┌────────

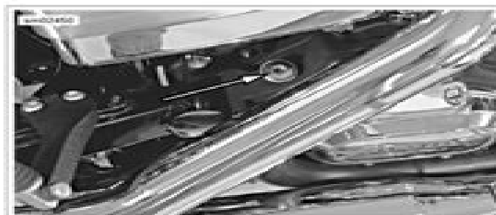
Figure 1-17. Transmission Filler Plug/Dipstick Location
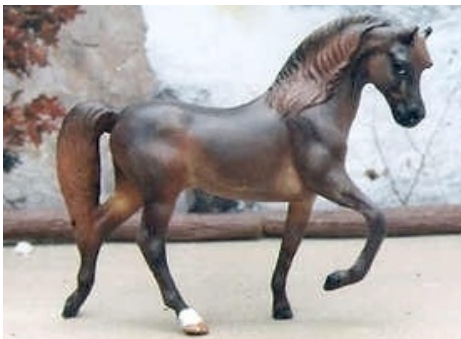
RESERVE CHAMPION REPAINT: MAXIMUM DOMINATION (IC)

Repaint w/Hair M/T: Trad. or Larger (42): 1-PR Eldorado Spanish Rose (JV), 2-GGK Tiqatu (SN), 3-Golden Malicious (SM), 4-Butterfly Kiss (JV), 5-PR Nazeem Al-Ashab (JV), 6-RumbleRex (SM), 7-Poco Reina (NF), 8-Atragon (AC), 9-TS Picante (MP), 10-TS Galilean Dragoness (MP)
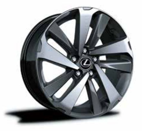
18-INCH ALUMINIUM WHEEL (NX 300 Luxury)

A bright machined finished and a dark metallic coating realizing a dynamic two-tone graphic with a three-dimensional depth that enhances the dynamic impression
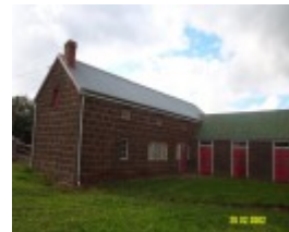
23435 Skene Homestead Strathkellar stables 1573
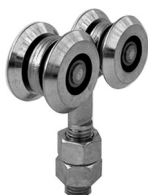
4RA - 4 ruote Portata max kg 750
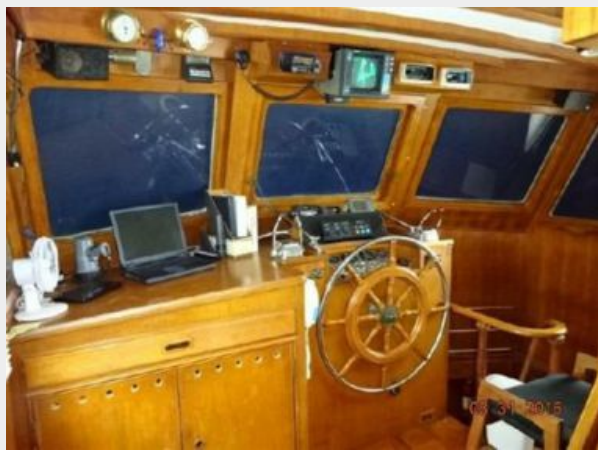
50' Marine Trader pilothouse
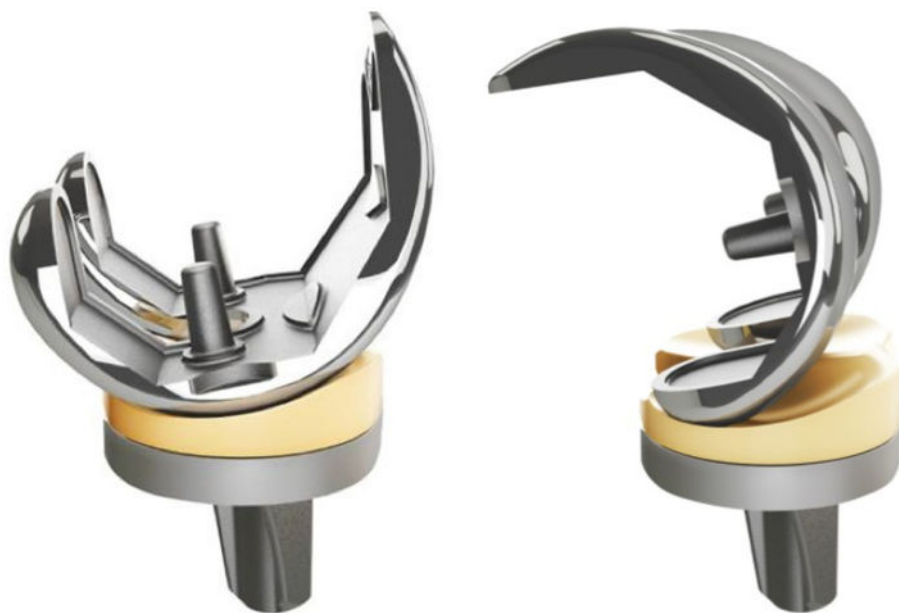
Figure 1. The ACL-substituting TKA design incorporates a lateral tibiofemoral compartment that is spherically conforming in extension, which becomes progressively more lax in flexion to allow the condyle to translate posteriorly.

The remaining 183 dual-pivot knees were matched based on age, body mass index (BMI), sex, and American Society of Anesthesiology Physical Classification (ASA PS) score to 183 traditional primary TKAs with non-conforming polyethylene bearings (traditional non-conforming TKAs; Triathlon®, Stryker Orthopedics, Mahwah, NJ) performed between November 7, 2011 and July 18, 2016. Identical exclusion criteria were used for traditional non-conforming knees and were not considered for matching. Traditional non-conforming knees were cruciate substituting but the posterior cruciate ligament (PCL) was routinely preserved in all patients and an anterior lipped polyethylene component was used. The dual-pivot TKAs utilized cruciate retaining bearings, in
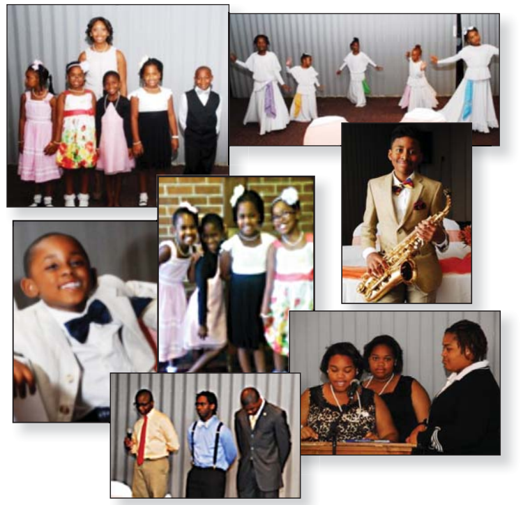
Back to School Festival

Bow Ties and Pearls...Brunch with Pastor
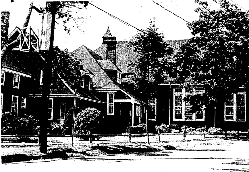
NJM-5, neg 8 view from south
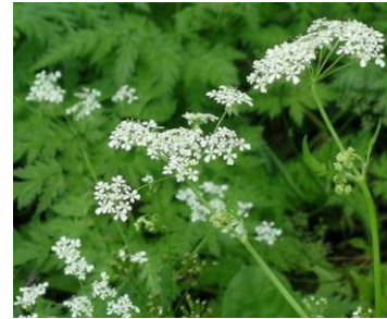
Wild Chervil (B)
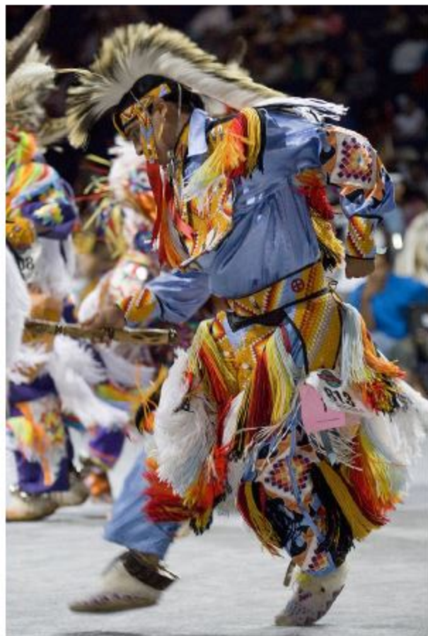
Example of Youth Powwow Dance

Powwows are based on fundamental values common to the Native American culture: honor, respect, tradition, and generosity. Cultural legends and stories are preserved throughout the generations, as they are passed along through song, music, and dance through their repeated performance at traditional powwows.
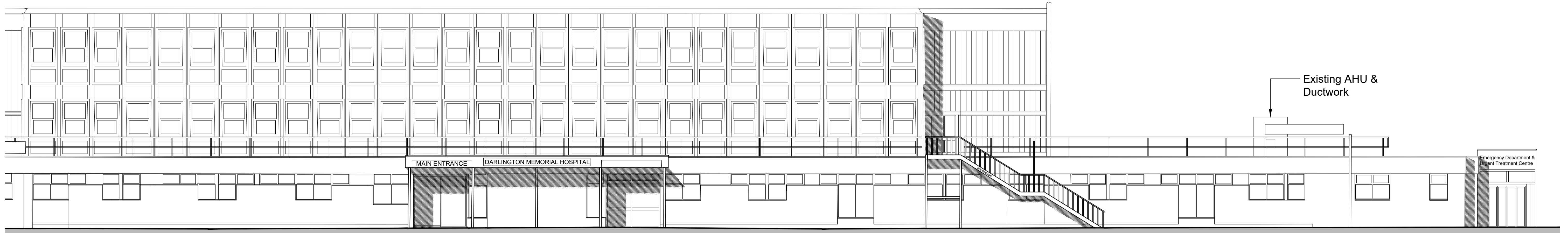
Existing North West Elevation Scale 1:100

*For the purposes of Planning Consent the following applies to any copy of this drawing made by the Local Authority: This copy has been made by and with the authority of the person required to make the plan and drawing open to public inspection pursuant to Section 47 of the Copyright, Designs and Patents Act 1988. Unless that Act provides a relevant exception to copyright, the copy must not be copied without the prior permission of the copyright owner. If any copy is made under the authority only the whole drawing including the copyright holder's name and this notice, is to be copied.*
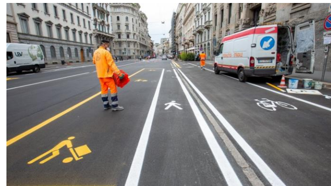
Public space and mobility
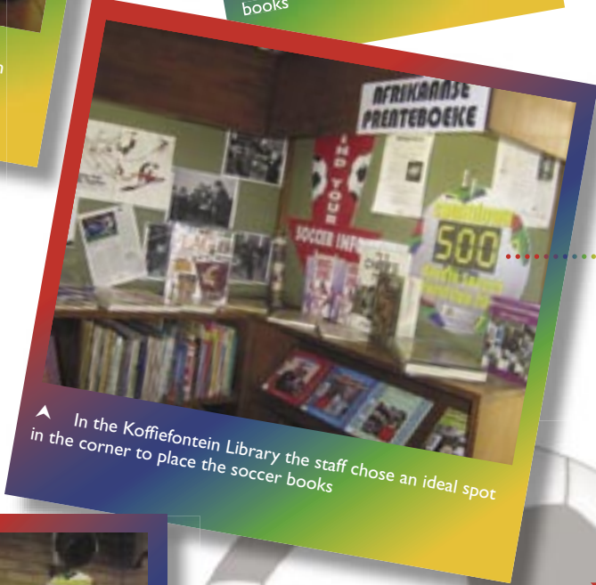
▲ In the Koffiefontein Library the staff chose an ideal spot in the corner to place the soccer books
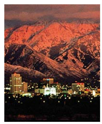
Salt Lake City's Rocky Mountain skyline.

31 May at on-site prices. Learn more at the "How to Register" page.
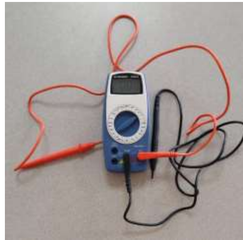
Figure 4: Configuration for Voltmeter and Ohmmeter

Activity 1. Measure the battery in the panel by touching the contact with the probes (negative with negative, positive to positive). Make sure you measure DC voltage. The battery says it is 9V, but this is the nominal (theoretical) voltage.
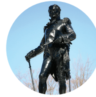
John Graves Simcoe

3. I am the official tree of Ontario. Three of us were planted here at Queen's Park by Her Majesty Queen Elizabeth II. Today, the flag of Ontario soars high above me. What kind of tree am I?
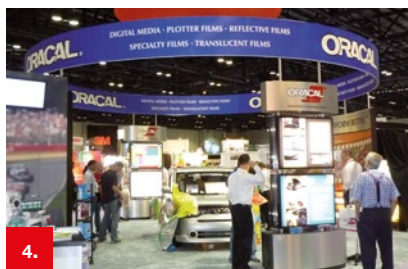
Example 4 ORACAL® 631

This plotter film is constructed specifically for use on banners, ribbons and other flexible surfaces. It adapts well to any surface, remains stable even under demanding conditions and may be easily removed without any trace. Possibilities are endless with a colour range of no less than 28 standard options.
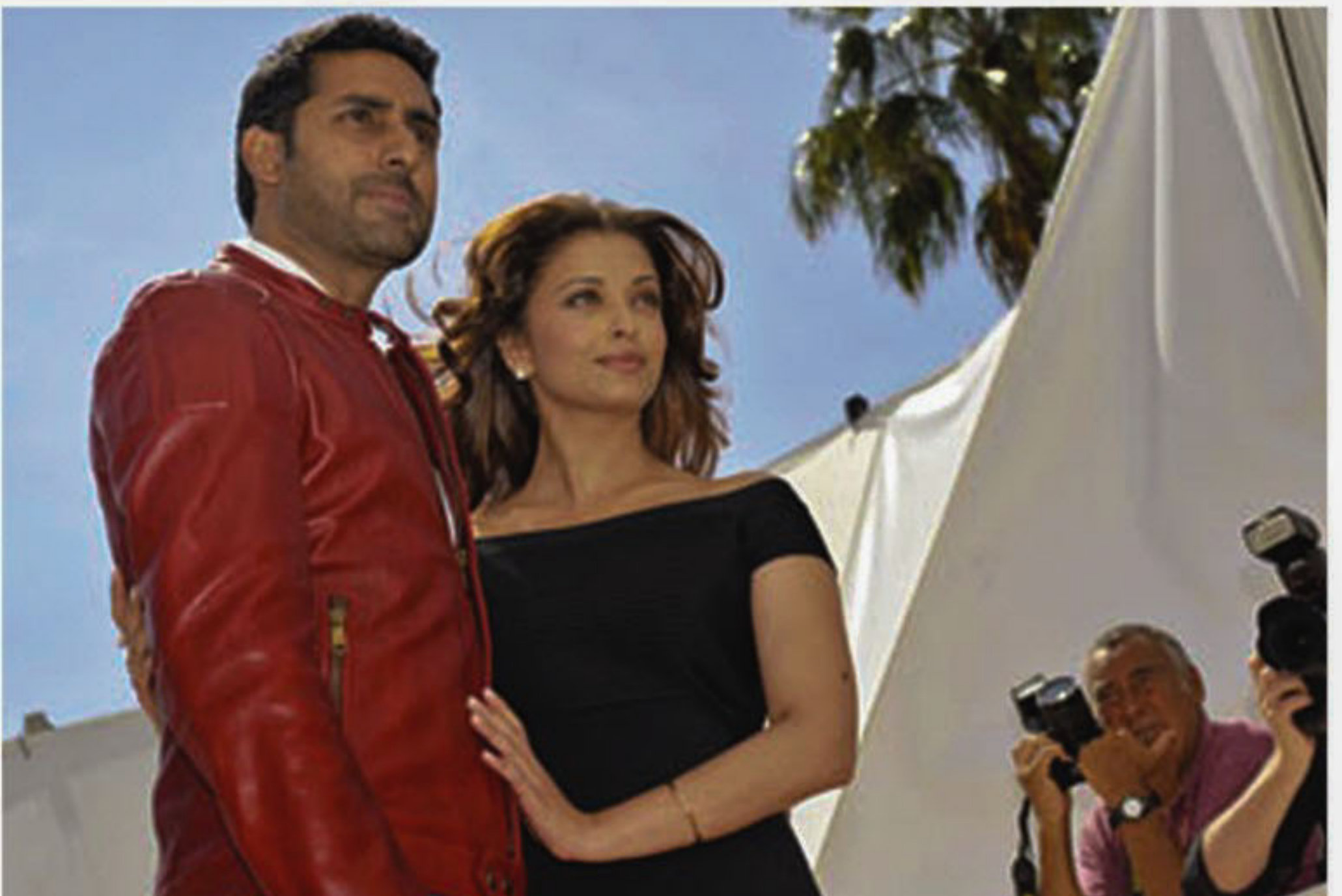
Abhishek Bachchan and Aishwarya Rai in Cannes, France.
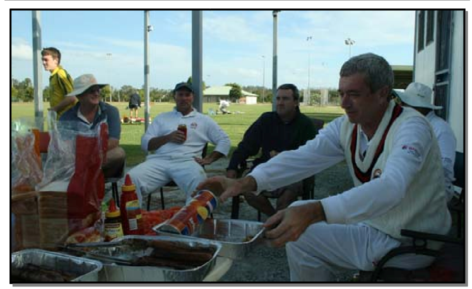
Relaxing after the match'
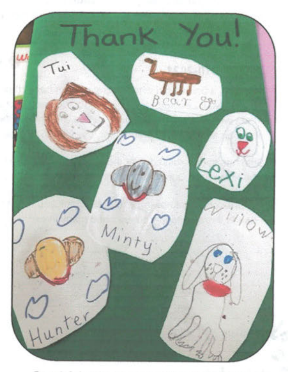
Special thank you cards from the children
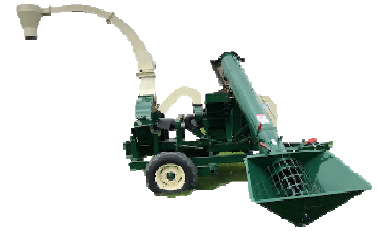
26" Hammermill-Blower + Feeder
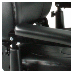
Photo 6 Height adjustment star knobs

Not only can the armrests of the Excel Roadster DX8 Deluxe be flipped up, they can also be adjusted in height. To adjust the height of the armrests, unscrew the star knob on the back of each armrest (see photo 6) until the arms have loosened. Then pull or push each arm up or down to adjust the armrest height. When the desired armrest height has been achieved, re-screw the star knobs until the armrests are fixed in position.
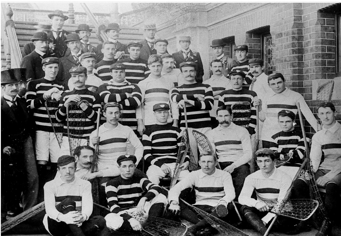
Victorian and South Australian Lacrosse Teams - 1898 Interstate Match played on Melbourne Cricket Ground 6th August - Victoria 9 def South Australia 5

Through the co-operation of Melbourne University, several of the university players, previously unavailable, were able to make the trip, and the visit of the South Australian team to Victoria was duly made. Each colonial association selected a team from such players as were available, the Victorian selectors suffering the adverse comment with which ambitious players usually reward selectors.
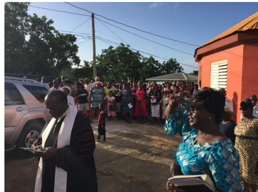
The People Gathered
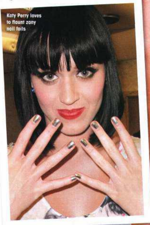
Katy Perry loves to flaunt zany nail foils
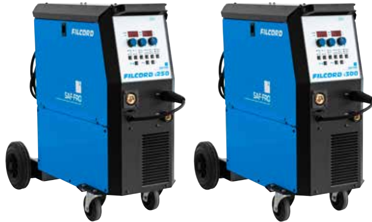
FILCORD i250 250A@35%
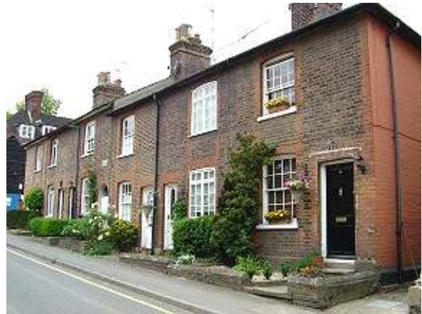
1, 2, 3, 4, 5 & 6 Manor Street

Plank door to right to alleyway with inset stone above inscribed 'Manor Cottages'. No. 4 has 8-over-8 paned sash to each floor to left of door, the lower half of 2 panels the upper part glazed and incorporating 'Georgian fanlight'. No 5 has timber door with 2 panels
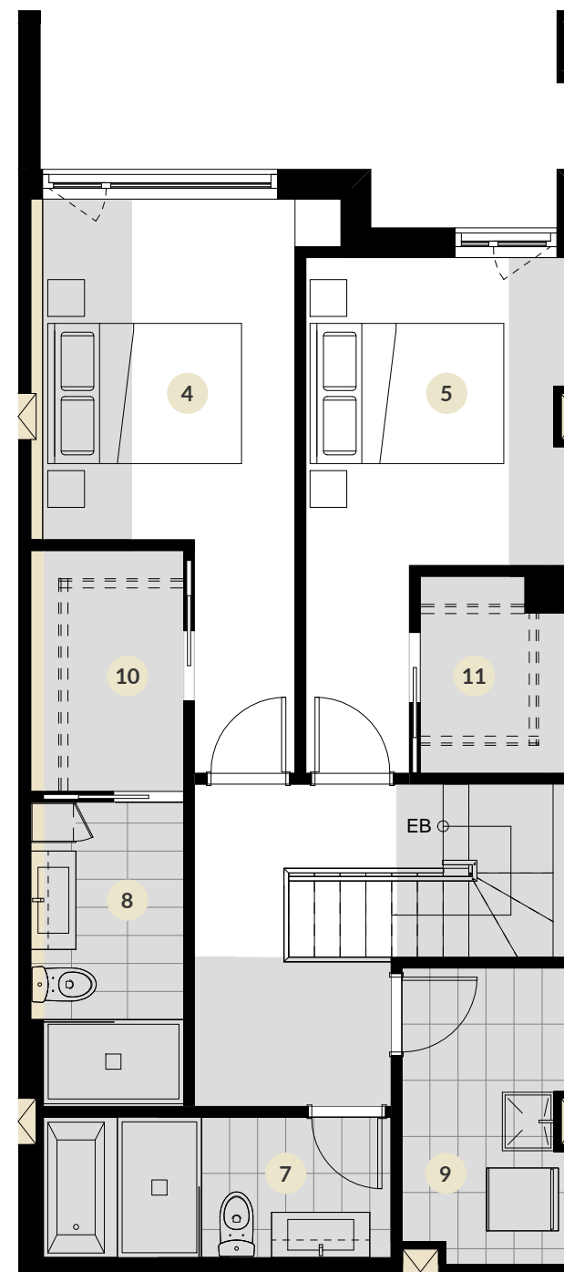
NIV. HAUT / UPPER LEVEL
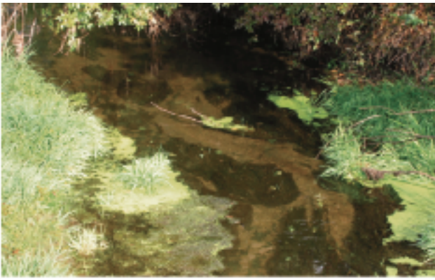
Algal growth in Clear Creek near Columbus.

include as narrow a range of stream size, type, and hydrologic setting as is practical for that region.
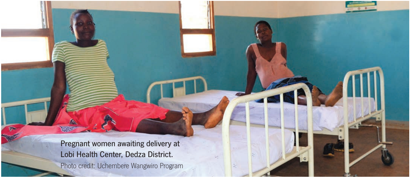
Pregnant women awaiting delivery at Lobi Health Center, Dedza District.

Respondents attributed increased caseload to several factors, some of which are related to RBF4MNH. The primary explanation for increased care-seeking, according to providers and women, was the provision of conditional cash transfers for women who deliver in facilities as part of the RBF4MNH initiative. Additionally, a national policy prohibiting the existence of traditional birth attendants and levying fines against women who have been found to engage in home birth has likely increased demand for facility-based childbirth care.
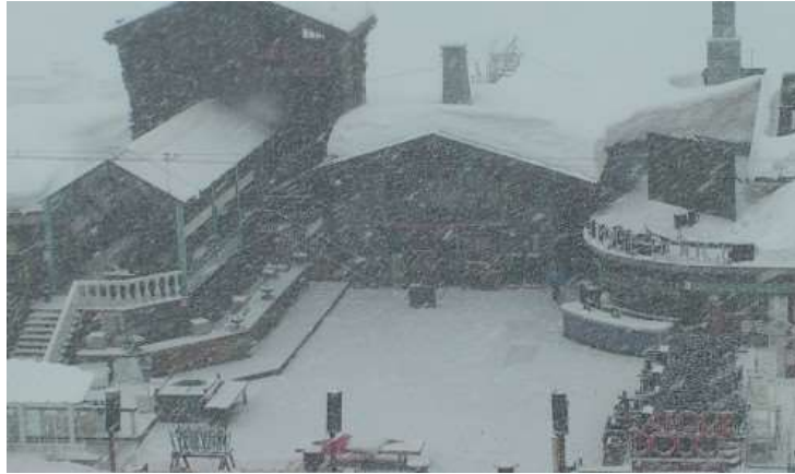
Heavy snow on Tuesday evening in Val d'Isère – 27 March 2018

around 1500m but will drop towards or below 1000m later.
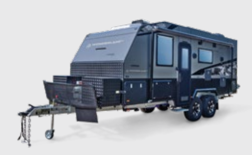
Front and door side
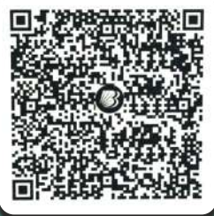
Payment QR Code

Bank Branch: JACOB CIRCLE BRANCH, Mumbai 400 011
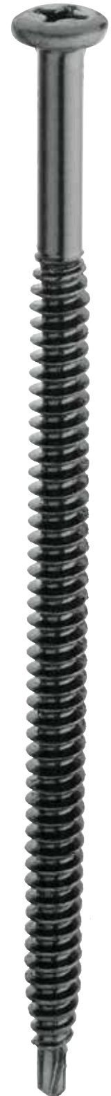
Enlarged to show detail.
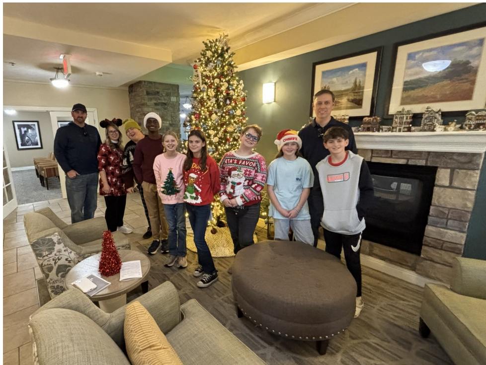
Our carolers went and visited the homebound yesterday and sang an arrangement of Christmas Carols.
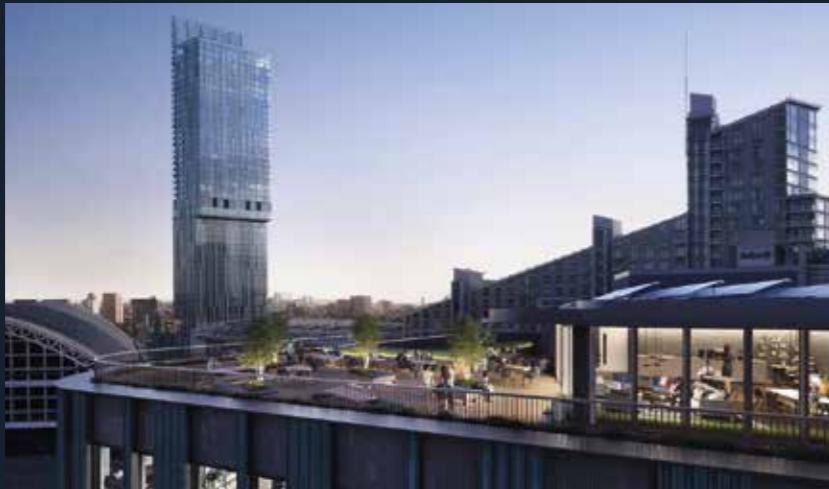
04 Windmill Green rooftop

└────────

* [Problem requirements]
Search the entries above for the string "door", and report each line where it occurs.

* [Response area]
Plank door to right to alleyway with inset stone above inscribed 'Manor Cottages'. No. 4 has 8-over-8 paned sash to each floor to left of door, the lower half of 2 panels the upper part glazed and incorporating 'Georgian fanlight'. No 5 has timber door with 2 panels
Front and door side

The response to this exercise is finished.